In some embodiments, said step 3), for the sequencing read sequence grouping of step 2), counting the sub-taxon frequency for each group of sequencing read sequences. In some embodiments, the specific steps of step 2) are as follows: and for each group of sequencing read sequences, finding out all mutually exclusive classification units which are compared by at least one sequencing read sequence of the group, and for the found classification unit set, respectively calculating the percentage of the number of the support sequences of each classification unit in the group of sequencing read sequences to the total number of the group of sequencing read sequences, wherein the second largest value in the percentages is the frequency of the secondary classification units of the group of sequencing read sequences.

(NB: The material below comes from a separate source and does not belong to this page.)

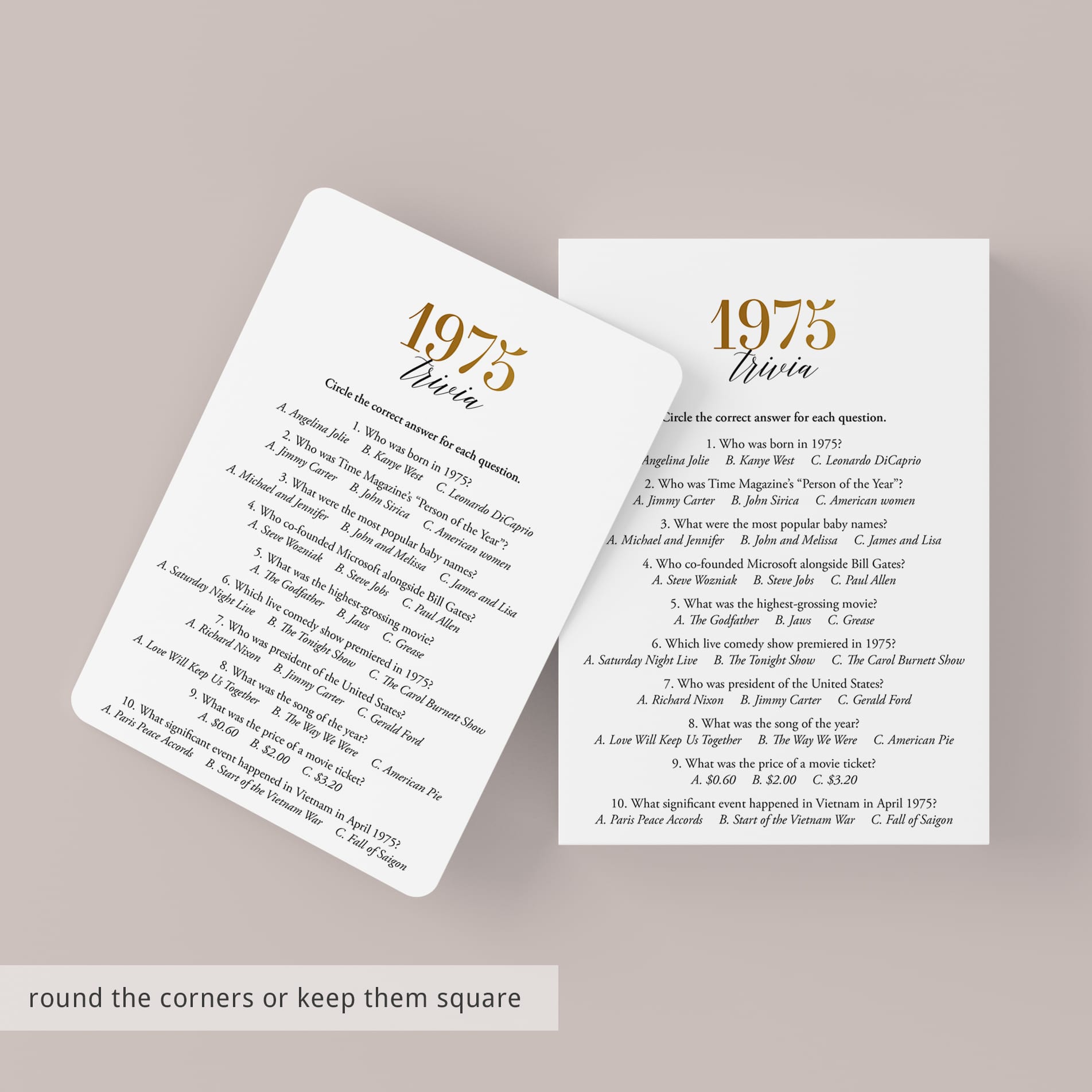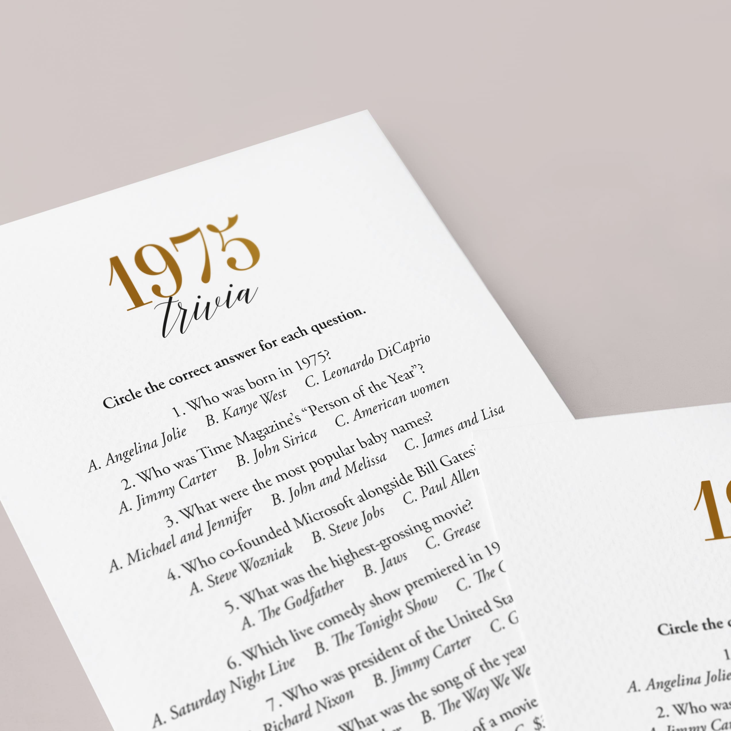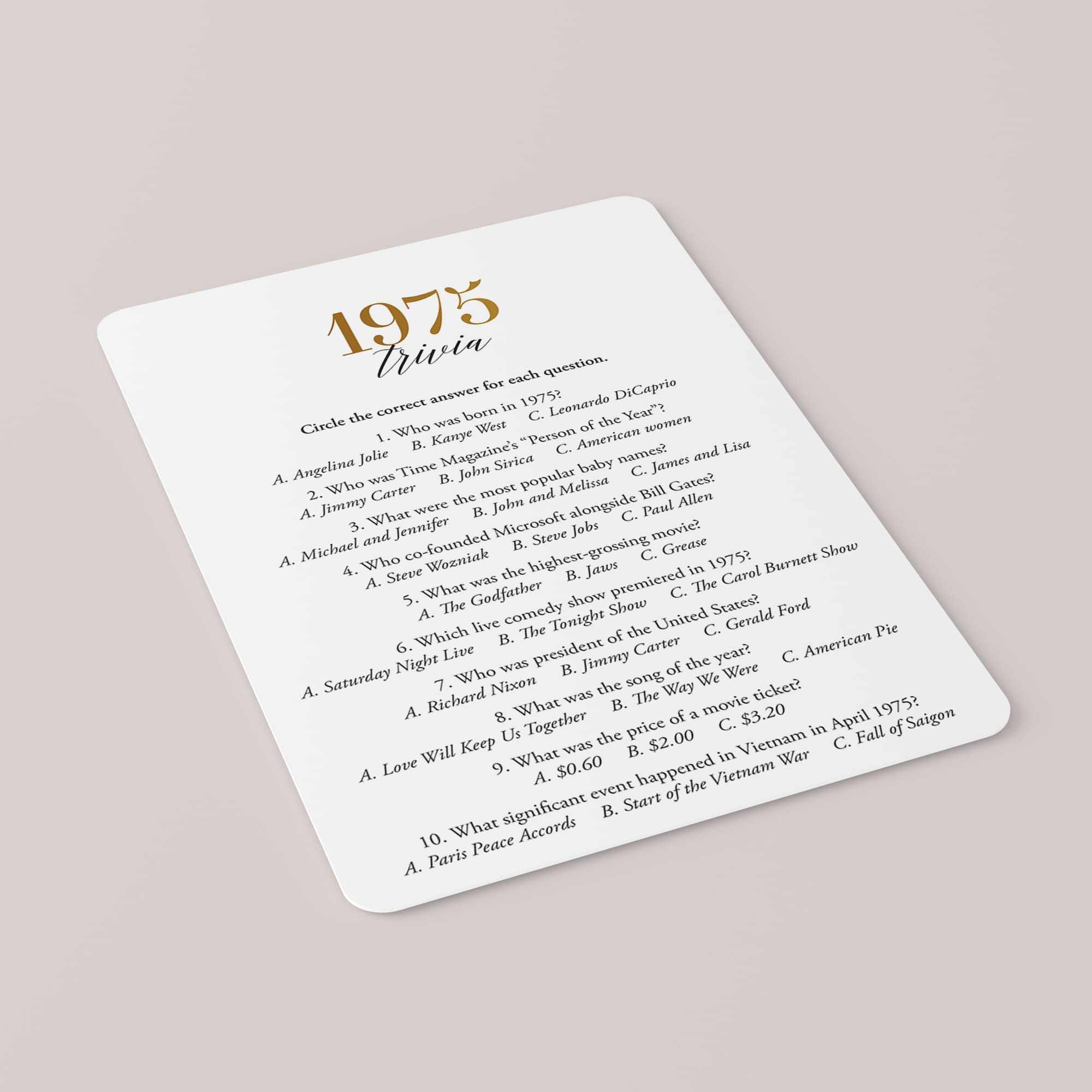Are you looking for a fun game for a 50th anniversary or 50th birthday party? Look no further! This modern gold 1975 trivia game with 10 multiple choice questions is such a fun game to play with your friends and family. Test your guests how well they know 1975's pop culture.

In some embodiments, step 5), the alignment results after the abnormal taxon is eliminated are regrouped according to the taxon preferentially supported by the alignment results, and the sequence number of each subgroup (i.e., the absolute abundance of the taxon) and the proportion of the total read sequence number occupied by the subgroup (i.e., the relative abundance of the taxon) are counted.

In some embodiments, the sequencing data is derived from urinary infection metagenomic sequencing data.

In some embodiments, the threshold of the secondary taxon frequency in step 4) may be an empirical value known in the art for a particular sample type, typically 15-30%, preferably 20%;

in some embodiments, the secondary taxon frequency threshold may also be calculated by: using a certain amount of samples as a training set, and confirming the true positive and false positive results in the conventional biological information analysis by comparing the traditional culture and/or PCR identification results; performing the credit generation analysis again, and dividing the sequencing read sequence of each sample into different groups according to the classification units preferentially supported by the comparison result, namely each group of sequencing read sequences preferentially supports the same classification unit; counting the frequency of the classification unit compared with each group of read sequences, and obtaining the frequency of the secondary classification unit of the group of sequencing read sequences; and counting the frequency of the secondary classification units of each group of sequencing read sequences, which are true positive in the traditional culture and/or qPCR result, of the classification units supported preferentially, and then counting the frequency of the secondary classification units of each group of sequencing read sequences, which are false positive in the culture result or the qPCR result, of the classification units supported preferentially, so as to obtain a threshold value capable of distinguishing the two.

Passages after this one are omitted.